**AIM OF THE TASK**
Go to the line below that has "Deckenleuchte Vintage Retro", print it and each line after it exactly, and stop after the line that has "夏收時(shí)節(jié)"; leave out pictures.

**DATA TO PROCESS**

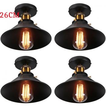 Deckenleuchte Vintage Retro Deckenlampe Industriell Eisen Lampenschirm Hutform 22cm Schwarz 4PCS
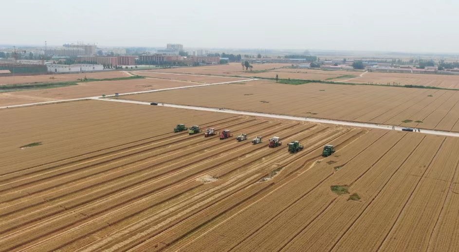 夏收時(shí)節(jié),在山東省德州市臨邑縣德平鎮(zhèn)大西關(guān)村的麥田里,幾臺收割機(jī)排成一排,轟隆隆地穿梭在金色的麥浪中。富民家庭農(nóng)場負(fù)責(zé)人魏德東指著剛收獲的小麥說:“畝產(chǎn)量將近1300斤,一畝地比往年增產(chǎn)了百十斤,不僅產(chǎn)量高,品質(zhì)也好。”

...

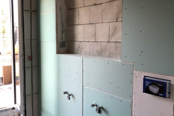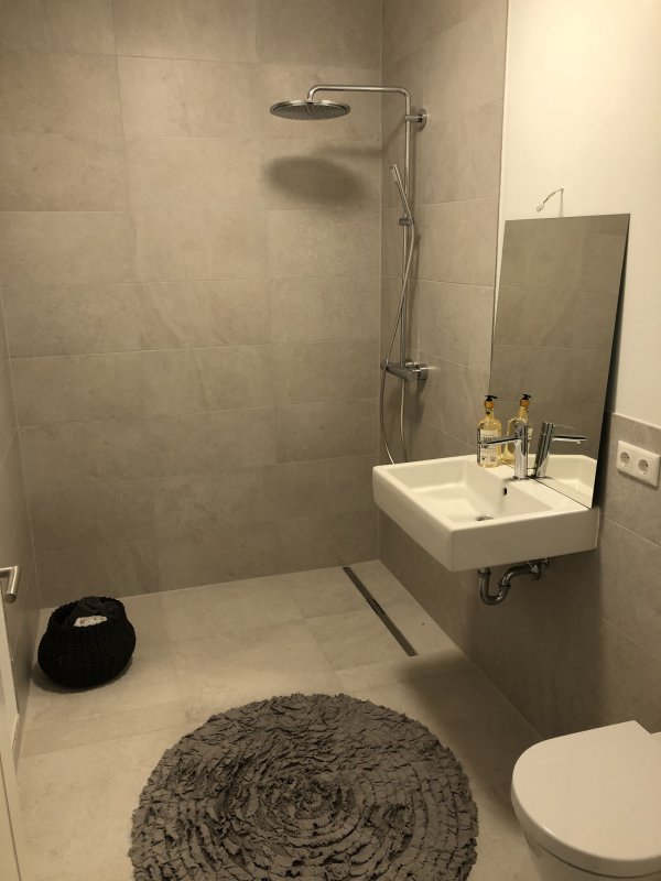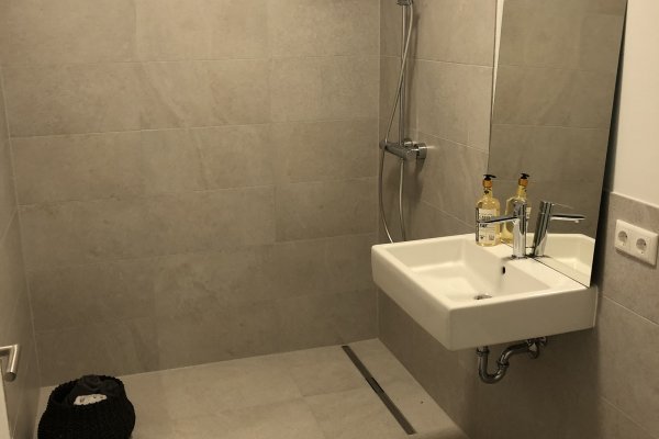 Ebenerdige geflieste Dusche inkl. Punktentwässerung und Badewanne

* * *

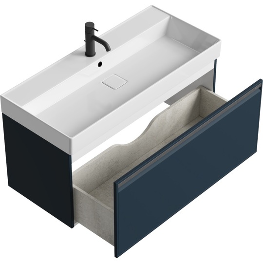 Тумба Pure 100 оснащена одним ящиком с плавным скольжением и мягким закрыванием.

**REPLY TO THE EXERCISE**
 Deckenleuchte Vintage Retro Deckenlampe Industriell Eisen Lampenschirm Hutform 22cm Schwarz 4PCS
 夏收時(shí)節(jié),在山東省德州市臨邑縣德平鎮(zhèn)大西關(guān)村的麥田里,幾臺收割機(jī)排成一排,轟隆隆地穿梭在金色的麥浪中。富民家庭農(nóng)場負(fù)責(zé)人魏德東指著剛收獲的小麥說:“畝產(chǎn)量將近1300斤,一畝地比往年增產(chǎn)了百十斤,不僅產(chǎn)量高,品質(zhì)也好。”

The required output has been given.